At the first opportunity, despite pushback from lawyers, Hellicar apologised to the asbestos victims that the compensation fund had proven to be underfunded. During a judicial inquiry, an investigation and civil action by the Australian Securities and Investments Commission (ASIC), three court cases and a redetermination of penalties over a total of nine years, the seven board members argued they had not approved the statement about compensation funding. Nonetheless, the directors were banned from serving as board members for two years and three months.

Hellicar’s illustrious career had included board positions on AMP, Amalgamated Holdings and the Southern Cross Airport Group. She had also held executive positions such as chief executive of Corrs Chambers Westgarth and managing director of TNT Logistics Asia.

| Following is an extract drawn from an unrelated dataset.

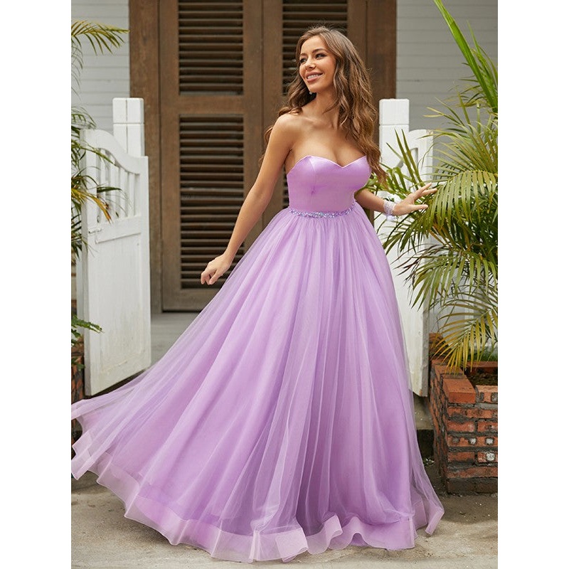 A-Line/Princess Tulle Ruffles Sweetheart Sleeveless Floor-Length Dresses

The ban was a shock and the whole process left her “completely destroyed” and “totally reviled”.

Pitfalls for boards

Hellicar speaks of being raised by a father who was a used car salesman and often sacked because he was “obsessed with honesty”. She says honesty is a virtue she herself holds dear. While maintaining that she had tried to do the right thing for people harmed by James Hardie’s asbestos products, Hellicar has accepted the board fell short in its oversight of the executive team.

One of the contributing factors, she says, was “the failure of we directors to fulfil one of the core expectations of company directors; namely, to maintain high-quality peripheral vision and to ask just one more question of management, even in the face of seemingly adequate explanations first time”.

People expect boards to be across absolutely everything occurring in their organisations, but Hellicar says this is an impossible task.

Legal minefields include the assumption of knowledge. If a director has been included on a distribution list of a document, they will have been deemed to have read it, she says.

“Politicians and the media educate society to think that, if you’re the CEO or the board, you have to know everything,” she says. “The moment a CEO says, ‘I didn’t know’, the response comes back: ‘Oh, come on, how could you not know?’”

Before each board meeting, directors receive a board pack of between 200 and 1000 pages that they are expected to read. They may have up to a dozen scheduled meetings each year, extra committee and ad hoc sessions, and serve on several boards.

In an attempt to ensure no stone goes unturned and fully informed decisions are made, corporate governance rules have created an environment that makes it extremely difficult for directors to do their job at the standards expected.

Corporate governance rules have created an environment that makes it extremely difficult for directors to do their job at the standards expected.

Recently at a Governance Institute of Australia function, Philip Chronican, the chairman of National Australia Bank, said: “It’s not enough to turn up to a meeting, review a paper and check that it complies with all the rules and policies … Unless governance has a purpose to it, then it’s just box ticking.”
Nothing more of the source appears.